Lastly, the chi-squared test revealed that the variables are statistically associated, p-value < 0. The most contributing cells can be shown below. The Performance attribute of the music videos were mostly associated with Sherlock and Everybody. While it is clear that Tell Me What To Do and Good Evening were commonly associated as fifth place.

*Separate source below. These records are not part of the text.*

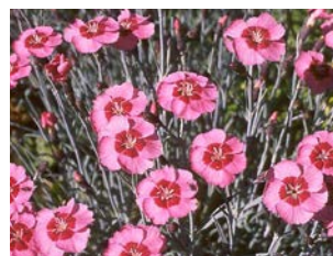
Dianthus allwoodii Hauteur : 15 à 20 cm Couleur : rose Floraison : juin-août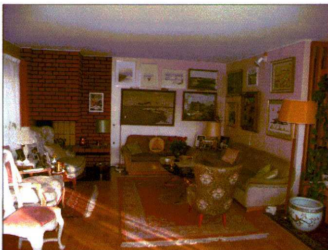
Vardagsrum i vinkel...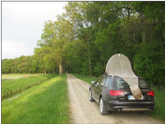
Abb. 41: Der Autokescher - ein unentbehrliches Hilfsmittel für den Faunisten

Stenopelmus rufinasus Gyllenhal, 1835 – Dieser nur 2 mm große Schwimffarnrüssler ist für unsere Fauna ein Neubürger. Erstmals nachgewiesen werden konnte er für Norddeutschland am 21.8.1990 an der Nordseeküste in St. Peter-Ording/NF im Spülsaum (Zi).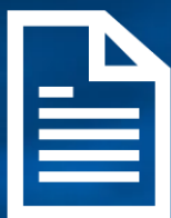
Локальная система делопроизводства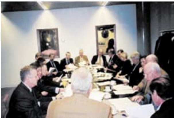
Riunione dei Presidenti dei Chapters europei S.C.I.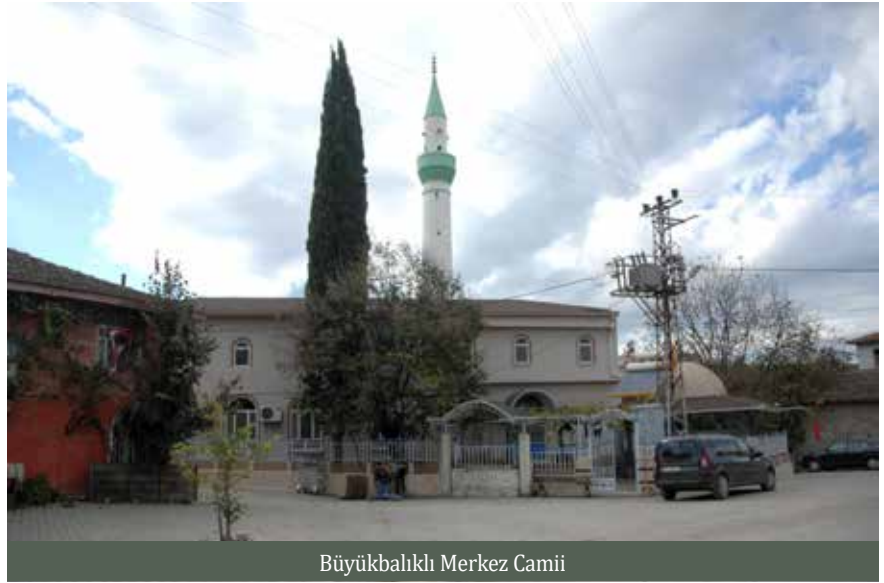
Büyükbalklı Merkez Camii

Bilindiği gibi, su hayat ve şifâ kaynağı olarak kabul edilmekte, suyun saflığı ve sürekliliği ölümsüzlüğü çağırıştır. Bu nedenle Pagan dönemlerinden başlayarak su kaynakları kutsal kabul edilmiş ve özel korumaya alınmışlardır. Hititler su kaynaklarını anıtlar ile koruma altına almaya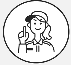
九州出身 技術職2年目

東芝グループ各社の新人と野外学習でカレーを作る機会もあり、同じような不安を共有したり、励まし合ったりしているうちに「私も頑張ろう」という気持ちになりました。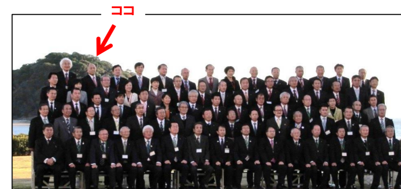
愛知県 正・副議長の皆さんと記念撮影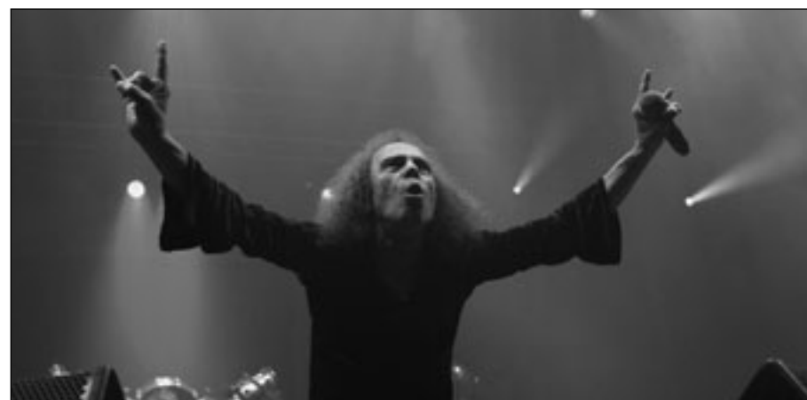
روني جيمس ديو «ابو قرون الشيطان»

يذكر أن ديو حل محل المغني البريطاني، أوزي أوسبورن، في فرقة «بلاك سابت»، عام 1978. وكان ديو، واسمه الحقيقي رونالد بادافونا، يحيي جماهيره برفق خنصره وسبابته كعلامة لقرون الشيطان التي تشتهر بها أو ساط موسيقى «الهيبي ميتال».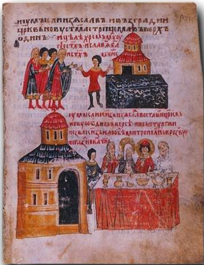
Исцеление хромого у гроба святых Бориса и Глеба (вверху). Трапеза у кн. Изяслава по случаю сооружения новой церкви во имя св. князей-страстотерпцев.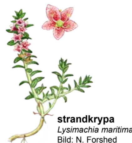
strandkrypa Lysimachia maritima

På reservatets välbetade strandängar växer många lågvuxna örter som till exempel strandkrypa och gulkämpar.

chi_pref<-chisq.test(performancem)
chi_pref
## 
##  Pearson's Chi-squared test
## 
## data:  performancem
## X-squared = 53.6, df = 16, p-value = 6.026e-06
corrplot(chi_pref$residuals, col = c("black", "white"), bg = "lightblue", is.cor = FALSE, sig.level = .05)


Conclusion

In conclusion, the music video that does not appear to be frequently ranked as outstanding to have one of the three attributes was View. It was close to a even rank on Visual, ranked often as second and third for Theme/Story, and often ranked third for Performance. This may suggest that fans believe that View is well-balanced on Visual, Theme/Story and Performance with no attribute being distinctively impressive over the next. Whereas, Good Evening was mostly associated with both Visual and Theme/Story, and Sherlock was mostly associated with the Performance attribute.